Housing market activity will hopefully pick up in the next few weeks before the year ends, following the Fed’s latest rate cut announcement, according to the California Association of Realtor’s (CAR) latest report. Mortgage rates have already begun trending down after peaking last week, the report added.
The Fannie Mae (FNMA/OTCQB) Home Purchase Sentiment Index® (HPSI) increased 0.7 points in October to 74.6, pushing the measure of consumer confidence to its highest level since February 2022 and significantly higher than the all-time low recorded two years ago, according to fanniemae.com.
In October, the share of consumers who think it’s a good time to buy a home increased to 20%, according to the Fannie Mae report last week, while the share who think it’s a good time to sell a home declined to 64%.

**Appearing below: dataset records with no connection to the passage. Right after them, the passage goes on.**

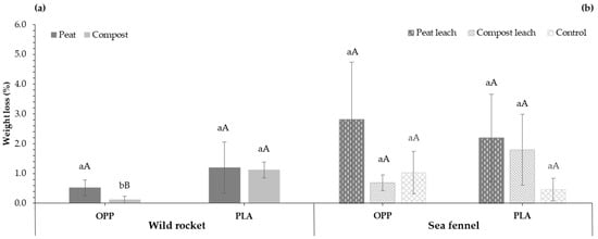 Weight loss of fresh-cut wild rocket (a) and sea fennel (b) cultivated in different growing media and their leachates, respectively, packaged in OPP or PLA bags for storage during 7 days at 4 °C. Different lowercase letters indicate significant differences among treatments for each vegetable, while different uppercase letters indicate significant differences between packages of each crop at p = 0.05 according to Tukey’s test. OPP: oriented polypropylene bags; PLA: polylactic acid bags.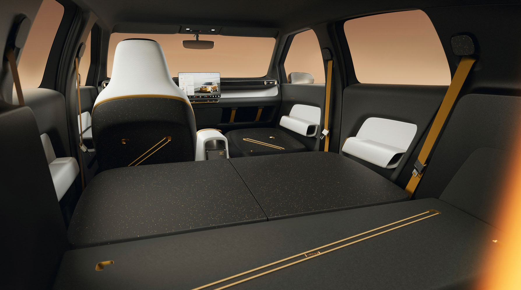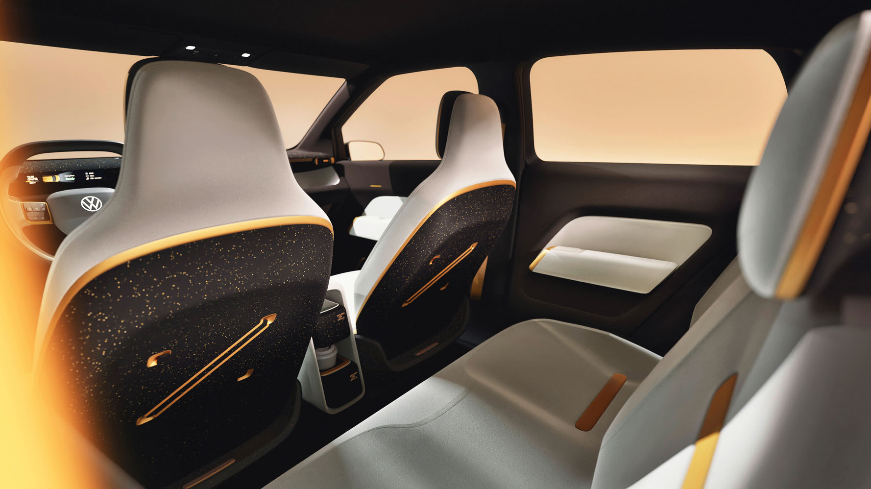 Інтер'єр ID. Every1 вирізняється простим дизайном із великим сенсорним дисплеєм по центру передньої панелі. Примітно, що під ним знаходяться фізичні кнопки для управління температурою, обігрівом і гучністю. Передній пасажир має доступ до змінюваної багатоцільової панелі, до якої можна прикріпити різні предмети, як-от планшет або полицю. Знімний Bluetooth динамік розташований між водієм і пасажиром.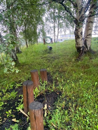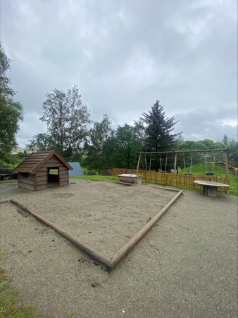 Vi er så heldige å ha et STORT inngjerdet uteområde med både bakker, ulendt terreng, trær/skog, mange lekeapparater for de minste og større barna, bygg og lekehus, frukt- og bærbusker og planter, og mye mye mer. Om vinteren blir uteområde enda større, da vi åpner gjerdet ned til "dalen" for enda større ake- og turområde.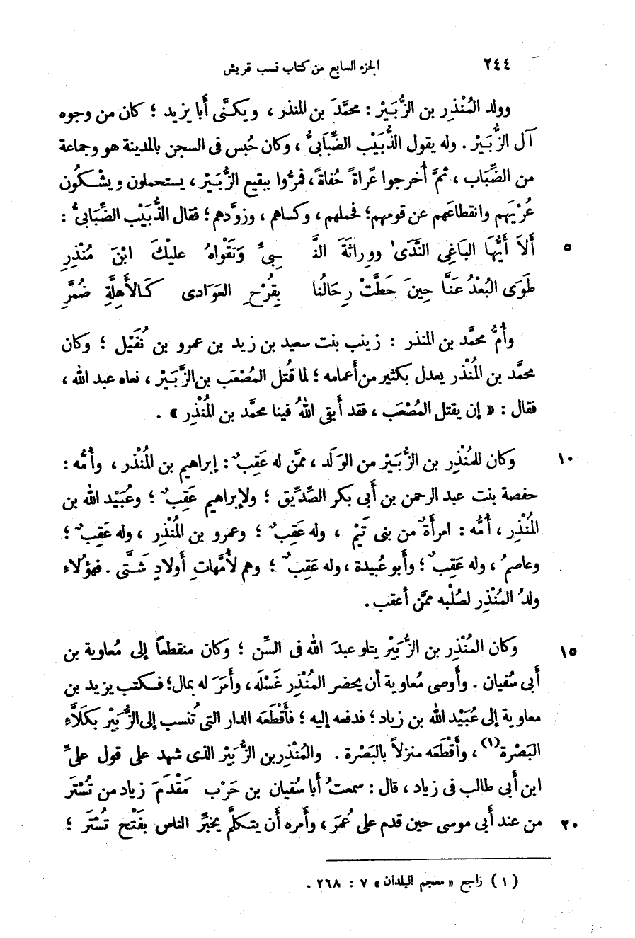 وولد المنذر بن الزبير: محمد بن المنذر، ويكنى أبا يزيد؛ كان من وجوه آل الزبير. وله يقول الذبيب الضبابي، وكان حبس في السجن بالمدينة هو وجماعة من الضباب، ثم أخرجوا عراة حفاة، فمروا ببقيع الزبير، يستحملون ويشكون عريهم وانقطاعهم عن قومهم؛ فحملهم، وكساهم، وزودهم؛ فقال الذبيب الضبابي: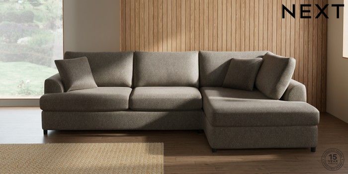 7.2.10 Parker Platform Large Corner Chaise - Right Hand Cotswold Chenille Mid Mink Brown Glide | Made Click here to use our website with more accessibility support, for example screen readers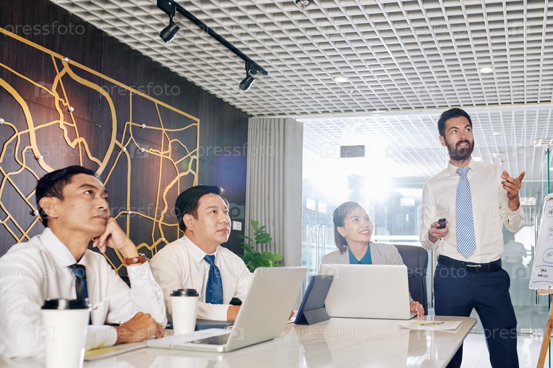 Бизнесмен разговаривает перед коллегами

Additionally, with improving job numbers and recent gains in the stock market, more Americans may be motivated to act, Lawrence Yun, chief economist of the National Association of Realtors, said early this week. He predicts an uptick of nearly 2 million jobs for 2025 and another nearly 2 million increase in 2026, which could bode well for the housing market.
“2023 and 2024 were both difficult years in the housing market,” Yun said, in a recent address to national realtors.
But pending home sales eked out a 3% year-over-year gain in September, he said, a signal that “maybe the worst is over.” Other good signs: Inventory of both new and existing homes is increasing, and the U.S. population has grown by 70 million from 1995, even though home sales have remained mostly at 1995 levels, signaling pent-up demand.
The Federal Reserve cut the fed funds rate by 25 basis points (bps) in its November FOMC meeting and reiterated that the central bank will continue to reduce its balance sheet, said the CAR report, which added that as the labor market continues to cool, it remains solid, as inflation moves towards the Fed’s 2-percent goal.
With the economy showing resiliency, the Fed may slow down its rate-cutting pace in 2025, said the CAR report.
In the near term, however, CAR noted, it is likely that the central bank will reduce the fed funds rate by another 25 bps in their December meeting. Since the Fed’s announcement, mortgage rates have come down from their recent peak reached last week, but the decline in the past few days was likely due mostly to the calming down of the financial market post-election, CAR posited.
Consumers feeling better about the job market and remaining hopeful that mortgage rates will come down next year are likely the contributing factors for the housing optimism. The share of survey respondents who expected rates to decline over the next 12 months dipped last month but continued to register at 39%, after reaching a record high of 42% in September. The increase in the overall housing sentiment is a positive sign for the market and is an indicator that many potential homebuyers are not giving up their dream of homeownership.
Housing affordability in California also improved in the third quarter, as the statewide index for existing single-family homes climbed 2 points on a quarter-to-quarter basis to 16% and inched up by 1 percentage point from 12 months ago, said the CAR report.
Slower price growth and more favorable interest rates raised California’s affordability up from a 17-year low in the second quarter.
The monthly mortgage payment for a median-priced home recorded in the third quarter bounced back from an all-time high set in the prior quarter, said the CAR report, declining 6.8% from Q2 and dipping 0.2% from the same quarter a year ago.